* DATA UNDER STUDY:
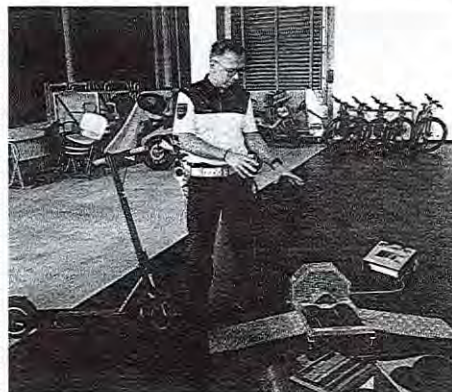
Policija uporablja posebne naprave za merjenje hitrosti pri električnih skirojih, saj teh vozil ni mogoče preveriti na tehničnem pregledu.
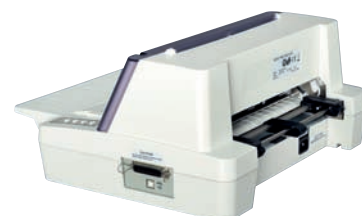
Widok FB-380 z prawej strony z gniazdami przyłączy
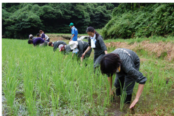
田んぼの草取りをしました
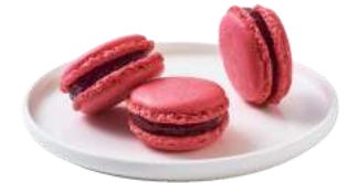
COUP DE COEUR POIRIER
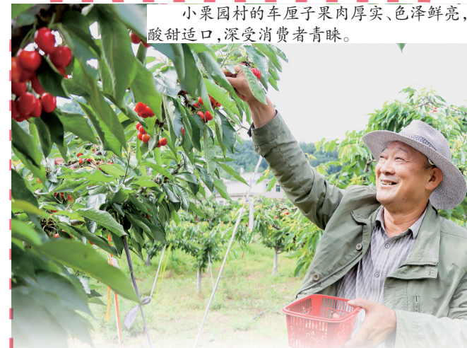
小栗园村的车厘子果肉厚实、色泽鲜亮,酸甜适口,深受消费者青睐。

如今的龙驹寨街道,特色产业遍地开花,集体经济持续壮大,群众收入稳步提升,中药材种植突破1万亩,规模养殖总量保持在300万只(头)以上,袋料香菇、冬枣、葡萄等特色种植规模不断扩大,一暖产业兴旺、生态宜居、生活富裕的乡村振兴壮美画卷正徐徐展开。
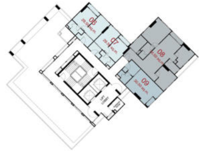
TOWER B : 21 st - 22 nd FLOOR PLAN
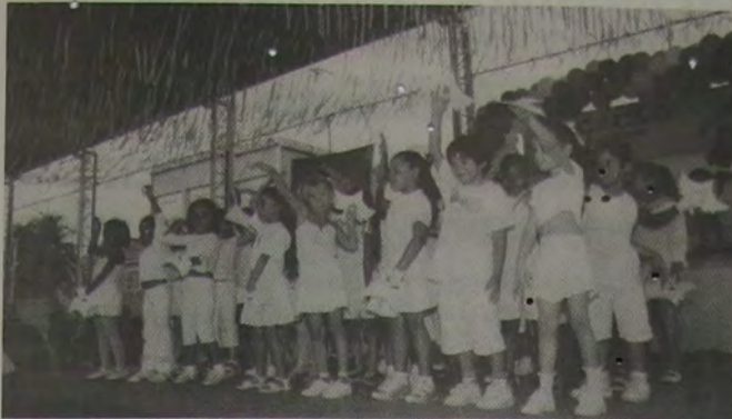
Alunos do pré-escolar se apresentaram durante a solenidade de inauguração das obras de reforma da Escola Municipal Monteiro Lobato.

O prefeito Mario Marques incluiu as obras de reforma na Escola Municipal Monteiro Lobato, que foram inauguradas festivamente no último sábado, na agenda positiva de sua administração. Mario enfatizou que o Monteiro Lobato recebeu a maior intervenção ao longo de sua história, iniciada em 1948, e que hoje mantém a tradição de ser uma escola de referência na educação em Nova Iguaçu. O Chefe do Executivo anunciou que todas as escolas municipais serão reformadas até o final de seu mandato. Ele aproveitou ainda para fazer um ligeiro balanço dos seus 15 meses de governo, que estavam sendo comemorados no sábado.
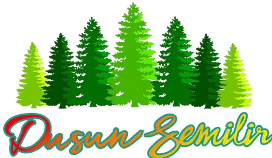
Gambar 2. 1 Logo Dusun Semilir
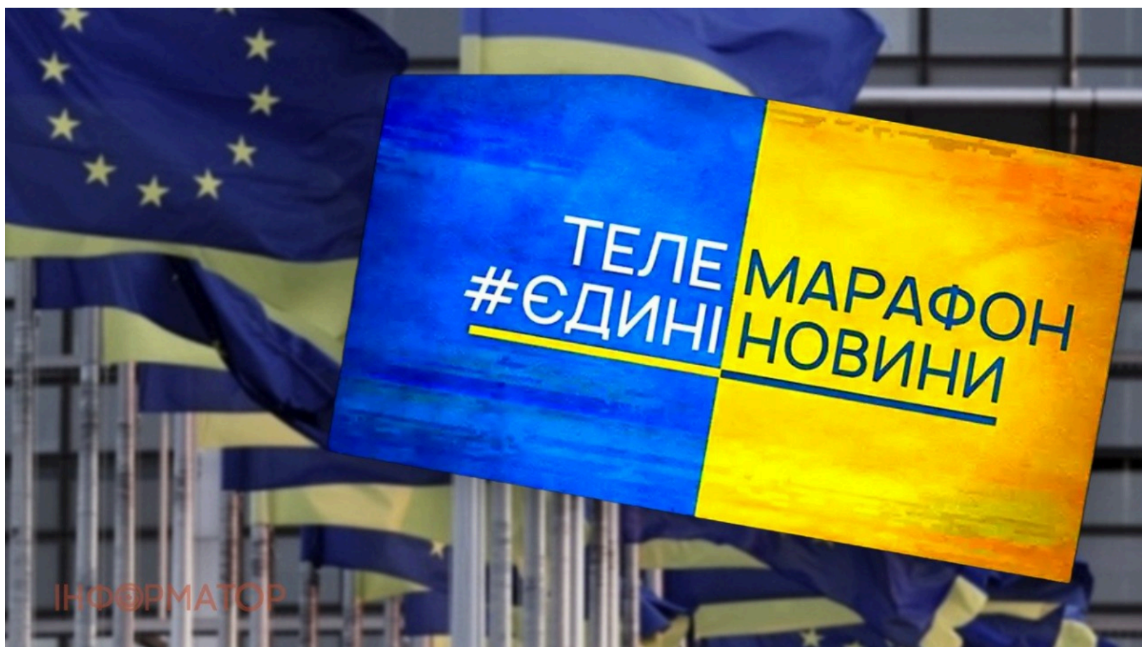
ЄС вимагає від України згорнути телемарафон

Євросоюз закликав Україну переглянути та поступово згорнути телемарафон "Єдині новини" і забезпечити повну незалежність медіарегулятора. Ця вимога з'явилася в контексті відкриття першого переговорного кластера між Україною та ЄС, який охоплює питання верховенства права, функціонування демократичних інституцій та інших базових критеріїв членства. Брюссель очікує швидкого впровадження реформ у медіасфері, щоб унеможливити повернення монополістичних і олігархічних структур. Без прогресу в цих питаннях подальший рух України до членства в ЄС буде ускладнений.
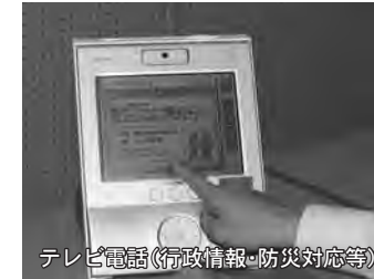
テレビ電話(行政情報・防災対応等) ▲情報ネットワーク整備事業・各種スポーツ振興
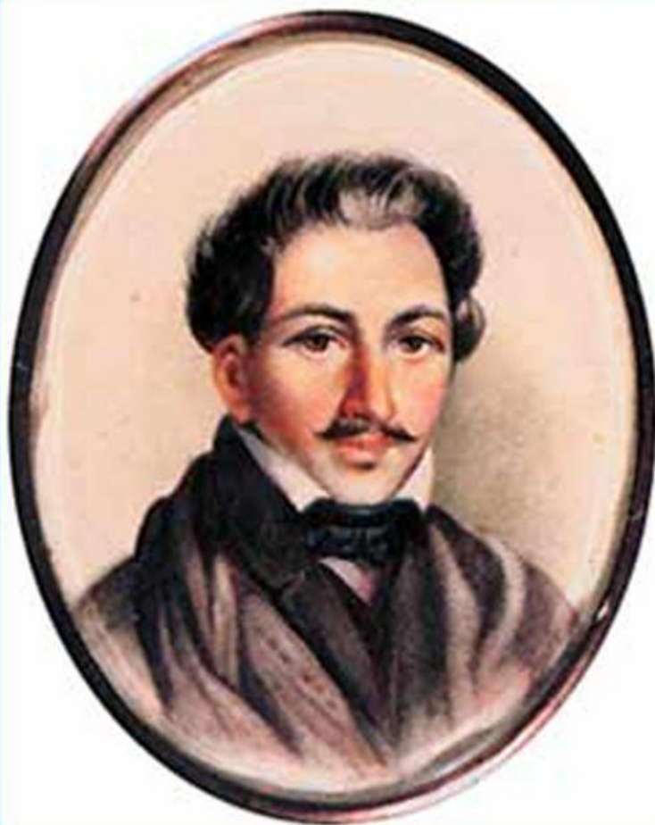
Пётр Григорьевич Каховский

Он родился в 1797 году в селе Преображенском, учился в пансионе при Московском университете: участник войны и заграничных походов 1813—1814 гг.

* WHAT YOU HAVE TO DO:
Scan the records above. Return every line with "reforma" in it.

* RESULT OF THE TASK:
Alunos do pré-escolar se apresentaram durante a solenidade de inauguração das obras de reforma da Escola Municipal Monteiro Lobato.
O prefeito Mario Marques incluiu as obras de reforma na Escola Municipal Monteiro Lobato, que foram inauguradas festivamente no último sábado, na agenda positiva de sua administração. Mario enfatizou que o Monteiro Lobato recebeu a maior intervenção ao longo de sua história, iniciada em 1948, e que hoje mantém a tradição de ser uma escola de referência na educação em Nova Iguaçu. O Chefe do Executivo anunciou que todas as escolas municipais serão reformadas até o final de seu mandato. Ele aproveitou ainda para fazer um ligeiro balanço dos seus 15 meses de governo, que estavam sendo comemorados no sábado.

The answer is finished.